= A Child's Christmases in Wales =

2009 British TV comedy

A Child's Christmases in Wales is a one-off period comedy written by comedian Mark Watson, starring Ruth Jones, Paul Kaye, and Steve Speirs. It was shown on BBC Four in December 2009, and repeated on BBC Two. Since November 2017, it is available to watch on BritBox.

==Plot==
An adaption of the Dylan Thomas classic, A Child's Christmas in Wales, and filmed in the small mining town of Ferndale, Rhondda Cynon Taf, Wales, has Owen Rhys reminiscing on Christmas-past (1983, 1986 and 1989). Every Christmas, Owen's uncle Huw (Steve Speirs), a successful and divorced man, his son, Maurice, and Uncle Gorwell (Paul Kaye) come to Owen's family house to stay. Through the 1980s, the boys grow into teenagers, whilst Owen's father Geraint (Mark Lewis Jones) and his uncles seem to regress into childish behaviour and sibling rivalry. Geraint and his brothers bicker and undermine each other and Owen's mother Brenda (Ruth Jones) tries to stop everything falling to pieces.
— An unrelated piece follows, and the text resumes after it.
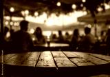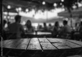 Empty rustic wooden table with copy space in pub. Background of blurred people sitting outdoor at sunset, warm, moody atmosphere. Summer and vacation vibes.

Despite all the petty rows and rivalries, eventually the members of the family learn to appreciate each other and realise Christmas wouldn't be the same without each other.

==Cast==
- Brenda Rhys (Mum) – Ruth Jones – Owen's mother, Geraint's wife, Maurice's aunt and Huw and Gorwel's sister-in-law.
- Geraint Rhys (Dad) – Mark Lewis Jones – Owen's father, Brenda's husband, Maurice's uncle and Huw and Gorwel's brother.
- Huw Rhys – Steve Speirs – Owen's uncle, Geraint and Gorwel's brother and Maurice's father.
- Gorwel Rhys – Paul Kaye – Owen and Maurice's uncle and Geraint and Huw's brother.
- Owen Rhys (aged 9 and 12) – Oliver Bunyan – Brenda and Geraint's son, Maurice's cousin and Huw and Gorwel's nephew.
  - Mark Charles Williams portrays a 15-year-old Owen
- Maurice Rhys (aged 9 and 12) – Jamie Burch – Huw's son, Owen's cousin and Brenda, Geraint and Gorwel's nephew.
  - Rhys McLellan portrays a 15-year-old Maurice
- Carol singer – Alex Beckett
- Narrator (Adult Owen) – Michael Sheen

The show was directed by Chris Gernon, and produced by Steve Doherty and Juliet Charlesworth.